We couldn't see anyone on board and there was a dinghy tied up to shore. We decided to continue on to find an anchorage for ourselves which we did just around the next headland. After dropping the anchor, we had lunch. We just had to check out Puffin, so we all climbed into 'Clipper' and motored back and noting that their dinghy was now back at the boat. As we came closer, Ken noticed the pictures of puffins on either bow and as we came around the stern, I saw that the boat was from Cardiff. This was them!. We got the mug ready and called "Ahoy".

Up came Louisa and Ken promptly said, "We came to return your mug", handing it up to her. She was, of course, surprised to see us, and asked if we were the ones with the yawl. We talked about what had been happening to each of us. Apparently, Louisa and Rob have been spending their summers in Cape Breton for the last couple of years. I couldn't get over the coincidence of meeting up with them, given the size of the Bras D'Or lakes. Unfortunately, Rob was on shore, apparently building a garage to help house some of their belongings; so we didn't get to say hello.
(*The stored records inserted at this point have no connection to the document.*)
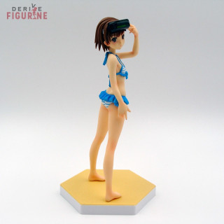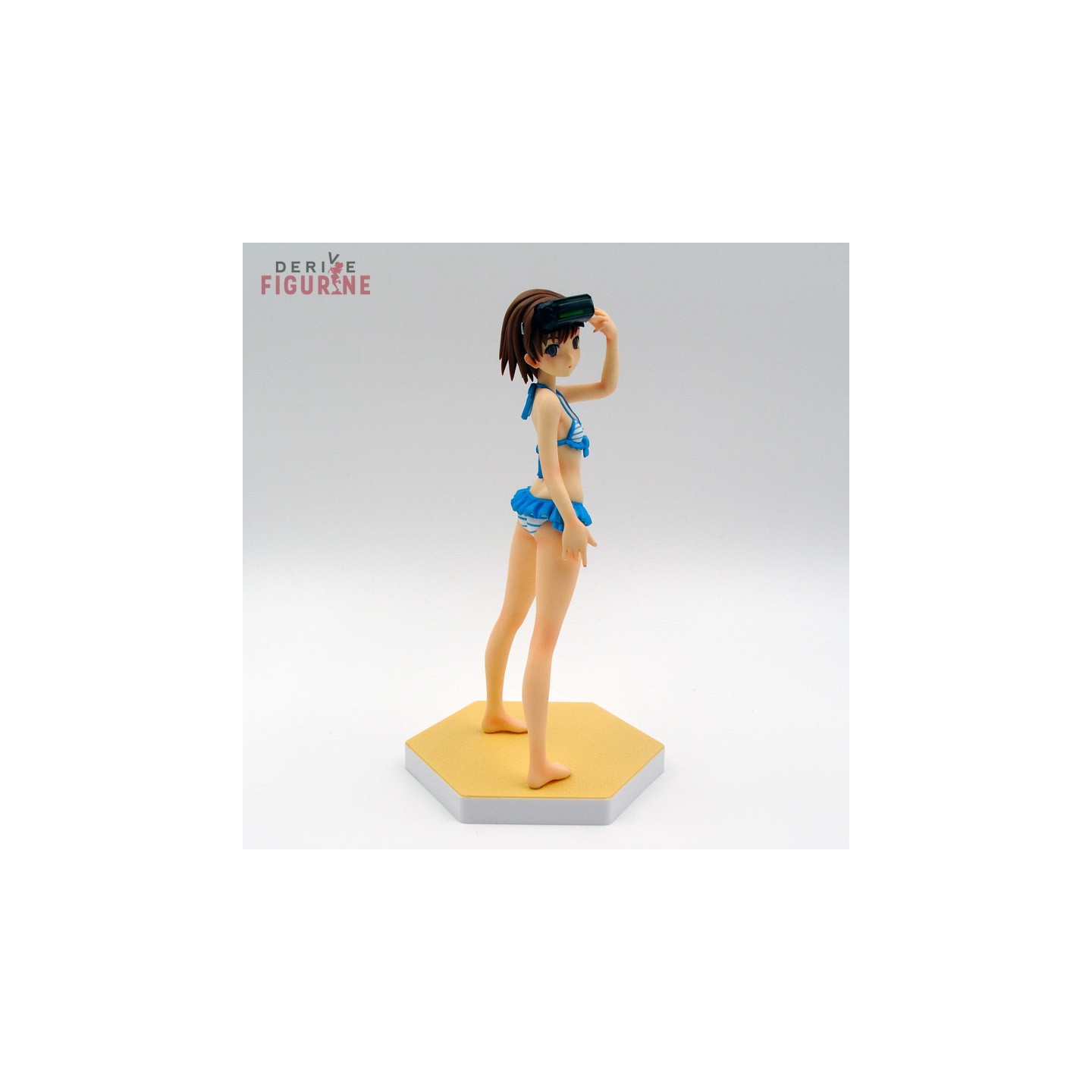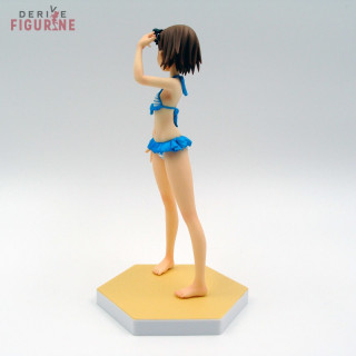 Figurine d'occasion et officielle de Mikoto Misaka en ABS/PVC d'environ 16 centimètres de haut à l'échelle 1/10. Mikoto porte un maillot de bain blanc et bleu et un masque sur le front. Il s'agit d'un objet d'occasion en bon état de la collection Beach Queens, avec une légère différence de couleur entre les jambes et le corps. Le fabricant est Wave Corporation, vendu avec boîte en assez bon état.
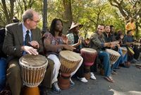 そんな彼の“心の扉”をたたいたのは、ニューヨークで出会ったシリア出身の青年タレク。そして彼が奏でるジャンベという楽器だ。ジャンベは、西アフリカなどで演奏されている片面太鼓で、その自由で開放的なリズムにウォルターはひかれていく。国籍や年齢、職業もまったく違う2人が、ジャンベを通してきずなを結んでいくさまがすばらしい。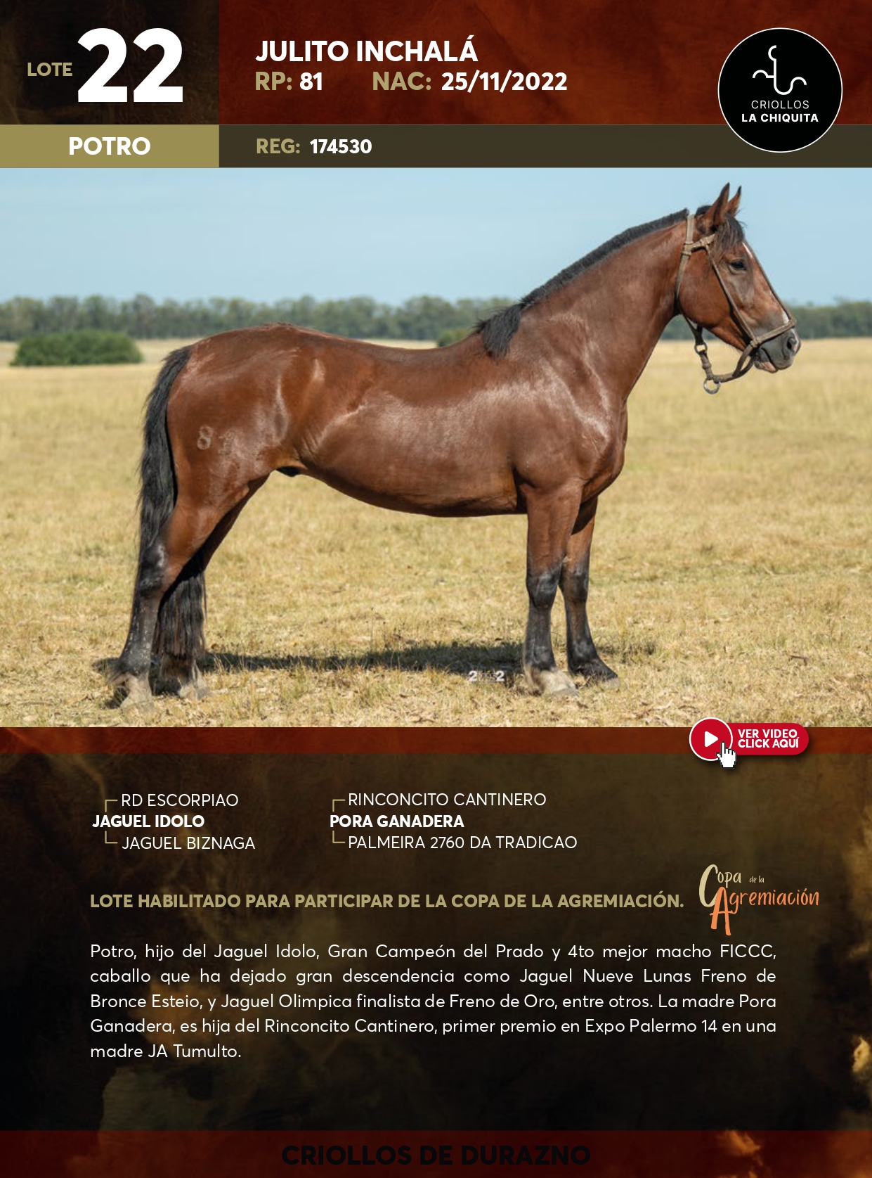 LOTE 22, JULITO INCHALÁ Lote Anterior Volver al remate Lote Siguiente Ficha Contacto Ofertar Durazno - Ficha del Lote Identificador: #357740 Categoría: Potro RP: 81 Pedigree Plazo 18 cuotas Durazno - Ofertar Fecha de cierre: 28 de Febrero a las 19:00hs. Aún no tiene ofertas Plazo: Contado 30 días 45 días 60 días 90 días 120 días 180 días Contado, 30 y 60 dias Su Oferta en U$S: (por 18 cuotas) − + Step: -5,00 / +5,00 Programar puja hasta: Programar puja hasta Aumentar puja programada 60 150 Iniciar sesión para ofertar Ofertar Compra por U$S 99.000.000,00 Ofertas Recibidas U$S Fecha/Hora Estado Este lote aún no tiene preofertas. ¿Estás seguro de comprar el LOTE JULITO INCHALÁ por 18 cuotas de U$S 99000000 ? 4 Visualizaciones ClicData Contacto Empresa: Juan Vera SRL Negocios Rurales Nombre*: Teléfono* : E-mail* : Mensaje Enviar

As we headed back to Joint Venture, Ken decided to dinghy into the very end of this bay called Ross Pond, where we could see cottages and power boats moored. We tied up to a dock there and took Chelsey to shore. There was a 40 foot fishing trawler with a Northumberland Strait hull tied to another dock, below a cottage on the hill. The name on the hull read 'Jersey Pirate'. A man waved to Ken. Ken waved back. Ken was interested to see a set of rails coming out of the water and running along the land to a large shed beside a house. On the rail was a cradle holding a 36 ft sailboat.  Soon a fellow came down to us from the cottage and introduced himself as Johnny (the one who waved), and after some discussion welcomed us to bring our sailboat to the dock if we wished. He explained that his neighbor built the track to launch and haul his 37' Alberg yawl! Unfortunately, the owner wasn't home so we didn't get to meet him. His name is Leo. He spends his summers in Cape Breton and his winters in Newfoundland. So, we unwittingly have landed where another Alberg 37 yawl normally is. Ken told Johnny to tell Leo that we could smell his yawl! We decided to take the offer of dockage for the night. It's nice not to have to dinghy Chelsey to shore at the crack of dawn. Safely tied to the dock without problem, we enjoyed calm waters and a quiet evening. 

Sunday, October 2, 2005

Ross Pond, Bras D'Or Lakes, Cape Breton, Nova Scotia

We awaken to another sunny day. Ken goes ashore to take some pictures of the rail setup for launching keelboats; Johnny is there, and after a little chat, he invites Ken into his place to show him some good spots for anchoring on the paper charts that he has. I am wondering where he got to, when I see him with Johnny and his wife coming to the boat. We have a nice chat but they have to leave as company is coming to their house to celebrate Johnny's mother's 93rd birthday. Shortly after, we leave; with friendly waves from Johnny wishing us good sailing.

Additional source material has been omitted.